Wiederfindung

„Hast du mich vergessen?“
„Ja. Manchmal. Kann man jemanden manchmal vergessen? Ich weiß es nicht. Du fehlst mir. Nachts. Manchmal tagsüber. Wenn ich nicht mehr weiter weiß, möchte ich mich zu dir setzen. Eine Zeit lang schweigend da sitzen, dann dir zuhören, manchmal nicken und sonst nichts.“

Mein Leben macht keine Pausen mehr. Ich lasse keine Pausen zu. Ständig tickt etwas, entweder ich muss etwas machen oder jemand möchte etwas von mir. Es ist meine eigene Verantwortung. Natürlich. Aber ich schaffe es nicht. Ich habe Angst. Angst, Dinge kaputt zu machen, wenn ich das auch noch bemängle. Und dann platze ich. Weil ich zu lange gewartet habe. Die meiste Zeit bin ich ein Pulverfass, das bei der kleinsten Erschütterung explodiert. Ich lösche mich selbst, bin für den Rest des Tages aber nicht mehr zu gebrauchen. Muss meine Einzelteile zusammensammeln, während ich schon wieder übergebe, weil ich die Dinge nicht fangen kann, die mir zugeworfen werden. Es überrascht mich, wie gut ich trotz allem funktioniere. Ich bin unsortiert und ziellos. Meist ist das auch in Ordnung. Entscheidungen spontan treffen, sich von den Möglichkeiten, die sich bieten treiben lassen. Manchmal wünsche ich mir mehr Stabilität. Bald wieder Tabletten. Nichts starkes, nur ein Ersatz, der bestimmte Hormonproduktionen auf Normalniveau bringt, weil mein Körper sich nicht selbst darum kümmert. Die ersten Tage nachdem sie fertig waren, habe ich keinen Unterschied bemerkt, inzwischen ertappe ich mich wieder öfter, dass ich mich verstecke und Dinge aufschiebe, die mir normalerweise Spaß machen. Anfangen war schon immer schwierig, aber nicht so schwierig.
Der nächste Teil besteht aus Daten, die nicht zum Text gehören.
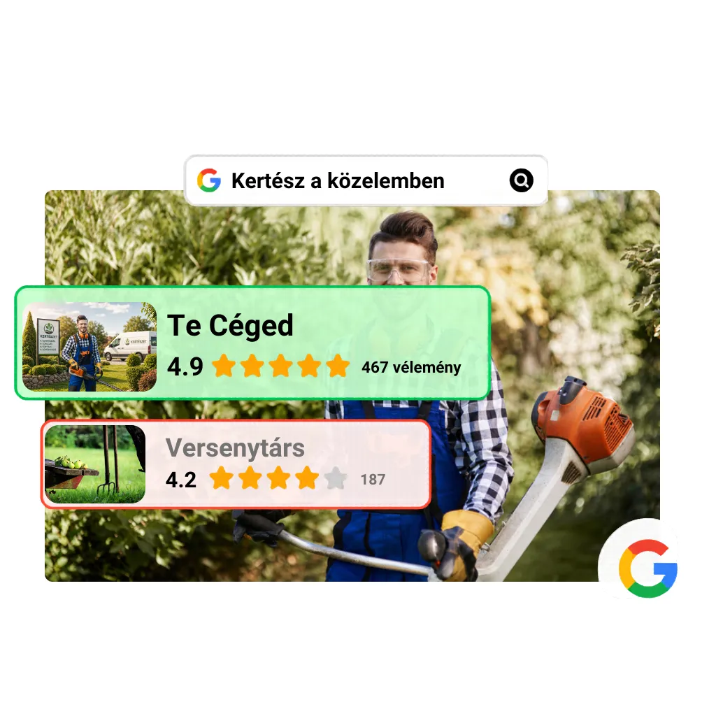 Automatalizált Google-véleménykezelő eszközeinkkel kitűnhetsz a versenytársaid közül, az elégedett ügyfeleket pedig a márkád elkötelezett követeivé alakíthatod.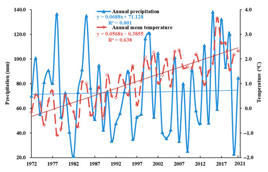 Changes in the annual mean temperature and annual precipitation around the study area during 1972–2021.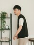 【ITEMS】 ニットベストコーデのブラックを使用して、 スラックスと合わしてきれいめカジュアルで!

Sowohl im Wohnort als auch an der Universität habe ich Dinge aufgebaut, die mich in eine interessante Position bringen. Erst unbewusst, inzwischen wird es mir klarer. Ich finde es spannend und fordere heraus. Macht durch Reichweite. Meine Energie wäre woanders wahrscheinlich sinnvoller investiert.

„Was bedeutet sinnvoll?“
„Darf ich mich an dich kuscheln?“

Es bleibt nicht viel Platz neben dem Kind. Nicht im Kopf, nicht im Bett, nicht in der Zeit. Das gehört dazu. Ich habe mich damit abgefunden, denke aber manchmal daran, wie man es etwas lockern könnt. Also, ich fantasiere, dass es sich von alleine verändert. Es ändert sich auch vieles ständig.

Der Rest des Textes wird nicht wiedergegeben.